Meaning of calibration, calibration standards and calibration bodies

GHG quota, GHG quota trading, quota price and fulfilment options

Meaning of certification, hydrogen colours and certification bodies

Quality

Hydrogen (H₂) quality and purity are especially critical in the field of fuel cell technology, as contaminants such as sulfur can cause irreversible damage to the fuel cell. The Alternative Fuels Infrastructure Regulation (AFIR) requires that public hydrogen refueling stations provide hydrogen that meets the quality standard set by EN 17124 (Grade D of ISO 14687: 99.97% H₂ purity, sulfur-free). This quality level is also anchored in the 10th Federal Immission Control Ordinance (10. BImSchV). ISO 19880-8 defines a protocol for achieving and monitoring hydrogen quality targets at refueling stations. Thermal applications, such as the use of hydrogen in combustion engines, have significantly lower requirements regarding gas purity and can operate with lower quality grades such as Grade F of ISO 14687. The classification into standardized quality grades for different applications thus reduces costs, simplifies handling, and lowers the risk of damage to components for all producers and users. Regular monitoring of hydrogen quality ensures its safe use in the intended application. This monitoring is conducted by independent approved inspection bodies (ZÜS). Information about approved inspection bodies is available from the Federal Institute for Occupational Safety and Health (BAuA): BAuA – Approved Inspection Bodies Sampling of hydrogen from the refueling station must follow the procedure described in ISO 19880-9, while measurement and verification of hydrogen quality must comply with ISO 21087 in accordance with the 10th BImSchV.

Purification

The most widely used method for hydrogen purification is Pressure Swing Adsorption (PSA).
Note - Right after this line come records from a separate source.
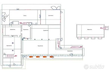 - Infine al piano primo, raggiungibile mediante comode scale, vi sono circa 100 metri quadrati adibiti ad appartamento con annesso un servizio igienico privato, nel quale è presente in maniera esclusiva l'impianto di riscaldamento;
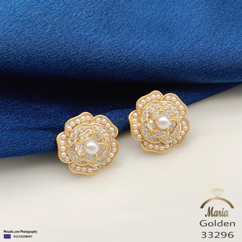33296 حلق جولد ماركة ماريا بريمه ورده فصوص مايكرو زيركون لولى عمود فضة
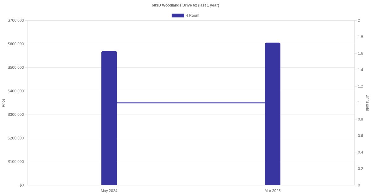 | Mar 2025 | $605,688 | $5,880 | 4 Room | Blk 683D Woodlands Drive 62 4 Room / 103 sqm | 04 to 06 | 103 sqm | Premium Apartment | 2000 |
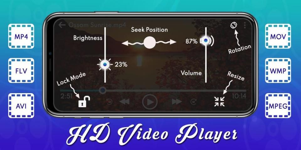 * Smart playback with auto-rotation, aspect-ratio, screen lock.
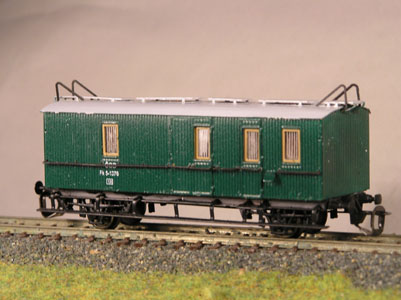 Stavebnice modelu poštovního vozu Fk5-1376 je třeba ji poskládat. Barva:

The safety of PSA systems is governed by ISO 19883.

Purification should take place at critical injection and withdrawal points, for example, when hydrogen is dispensed from a pipeline to a fuel cell vehicle via a refueling station.

Calibration

In order to ensure that customers and operators can rely on an accurate delivery quantity at the hydrogen refueling station (HRS), calibration of hydrogen dispensing is essential. Accordingly, HRS dispensers must be regularly tested for accuracy and correctness according to the German Measurement and Calibration Act (MessEG), typically every two years, using accuracy class 2.
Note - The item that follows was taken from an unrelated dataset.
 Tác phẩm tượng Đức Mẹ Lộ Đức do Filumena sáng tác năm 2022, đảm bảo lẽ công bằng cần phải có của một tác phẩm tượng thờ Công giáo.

The measurement must be carried out in accordance with OIML R 139 to ensure proper execution. The Organization of Legal Metrology (OIML) recommends applying error class 2 for hydrogen refueling stations, which allows a Mean Percentage Error (MPE) of 2% during calibration and 3% during operation. This means the actual amount of hydrogen may deviate from the indicated amount by a maximum average of 2% during calibration and 3% during regular operation.

OIML R 139

The International Organization of Legal Metrology (OIML) issues recommendations on various metrology-related topics, which are intended to be implemented into the national legislation of its member states. Accordingly, OIML R 139 “Compressed gaseous fuel measuring systems for vehicles” is a key standard in the field of calibration for hydrogen refueling stations (HRS).
OIML R 139-1 defines the metrological and technical requirements, while OIML R 139-2 outlines the metrological controls and performance tests.
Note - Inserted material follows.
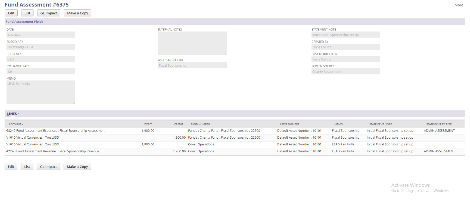 View screen is used to view and verify the created Fund assessment. Fields in the view screens are disabled. Generally view screen shows the NetSuite journal records which are created from the Fund Assessment screen so that the user can verify the line allocation and body fields from the view screen.

Calibration Standards and Calibration Bodies

To perform a calibration, a calibration standard (i.e. a reference device) is used. According to § 45 ff of the German Measurement and Calibration Act (MessEG), the Committee for Rule Determination of the “Physikalisch-Technische Bundesanstalt” (PTB) is responsible for the development and validation of new calibration standards. The PTB has therefore developed a calibration standard using a Coriolis mass flow meter, which is intended to measure the amount of hydrogen during the calibration process. In addition, gravimetric measuring systems from Air Liquide and Linde are available, which can also be used as calibration standards.
However, gravimetric methods reach practical limits when calibrating heavy-duty refueling stations with up to 200 kg of hydrogen per refueling process.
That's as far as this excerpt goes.